There is also no acknowledgement that the Department of Planning and Permitting (DPP) has systemic mismanagement and corruption challenges. Even its own workers are saying that DPP needs to be overhauled and “fixed”. Many are carrying overload capacity with minimum support. They feel they’re being politically weaponized.

Residents with violations have complained that they were not even aware of the fines that DPP imposed on their property. Some maintain that DPP imposed wrong violations on them. Some say they could never get their calls returned. An ailing owner said he called the city about their fines and the answer given to him was he could “quitclaim their property to the city” to solve his problem. One complained that a kupuna was told to remove their small handicap ramp in front of their small Hicks home but they knew of other big homes who were given a pass. Some complained about lost permits. These are just the small mom-and-pop complaints. Nothing is written about comments from the professional building and construction industry.

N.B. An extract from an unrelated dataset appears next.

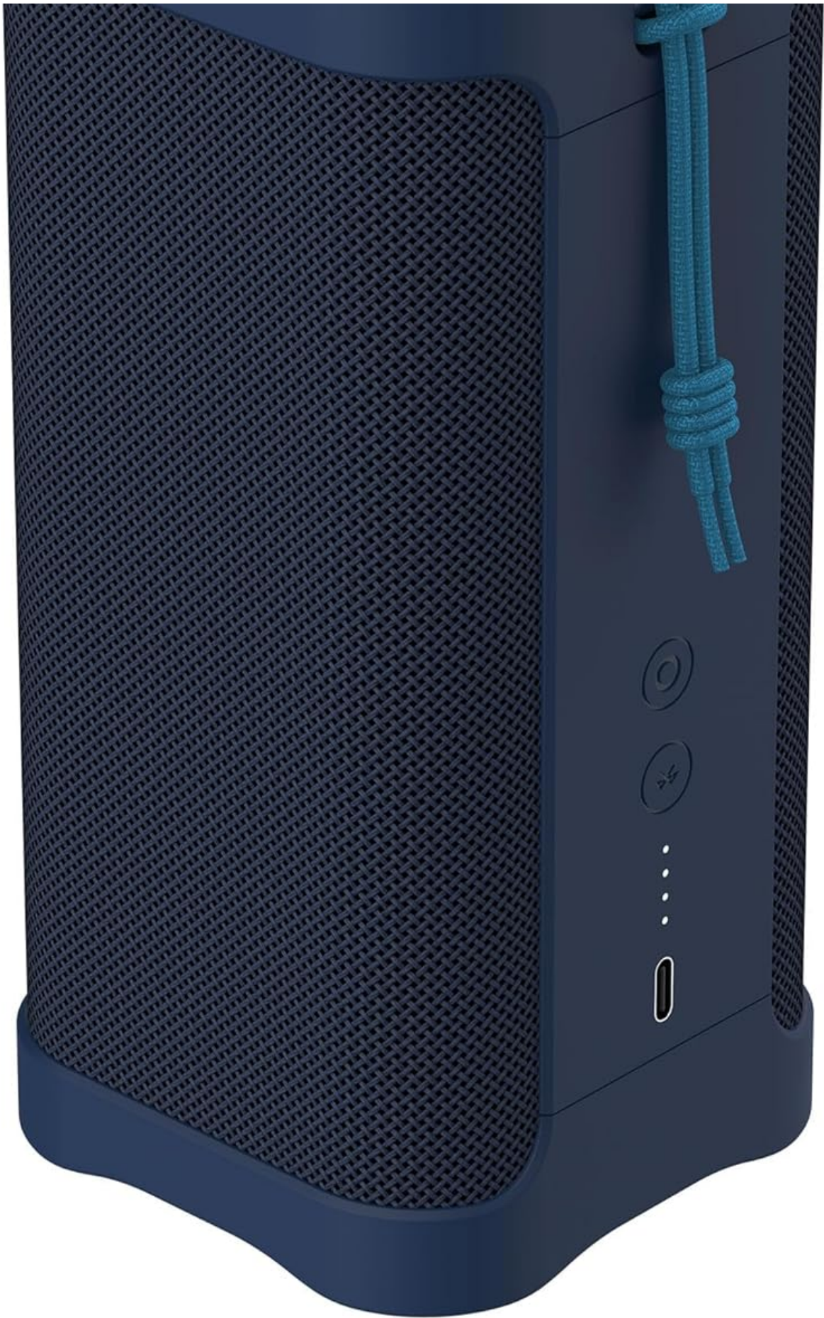
Image: The Skullcandy Terrain XL speaker in Navy color, shown with its packaging.

There is no compassion or understanding that most Hawaii property owners sacrificed much to acquire their property for themselves and their families.

When a property is seized, where is the owner going to find a replacement property? How is seizing private properties helping local residents?

Shouldn’t the county be helping owners get into compliance rather than seizing properties?

Is this process for these bills adequate for good decision-making?

As I have mentioned, the few legislators/aides I spoke with initially were not aware of these bills.

To be fair, who can blame the State Legislators?  3,132 Bills are introduced within a period of a month or so.

Which legislator can humanly and intelligently deliberate on each bill in such a short time?

With these civil rights bills, should monumental public policies be adopted based on superficial and unvetted written testimonies by one very energetic third-year councilman and a newly-appointed DPP Director?

Should legislators simply defer to the Committee Chairs?  

Should opposing views from the public have any standing in the decision-making?

Should significant bills usurping civil rights deserve at least more disclosure from the legislators and more public dialogue?

Note that City Council member Calvin Say template testimony remains the same at the various committee hearings.

Honolulu DPP Dawn Takeuchi Apuna’s written testimony was edited later to assure there will be no abuse. She misses the point that non-judicial power of sale is already abusing private property rights because the owners is denied Due Process from the judicial branch i.e. the courts. Giving the Counties the in-house role of Police, Prosecutor, Jury, Judge, and Executioner is already abusive.

Cut and Paste Committee Reports

Unfortunately, the various Committee Reports through the process will show great deference to City Council member Say and DPP Director Apuna. No one questioned them. These written testimonies are “cut and paste” onto their official records FOR ADOPTION.

Here is an example:

Here is the Committee Report form the Finance Committee:

The city wants to be the in house Police, Prosecutor, Jury, Judge, and Executioner. There in no “all proceedings are exhausted” when owners are denied judicial Due Process in court.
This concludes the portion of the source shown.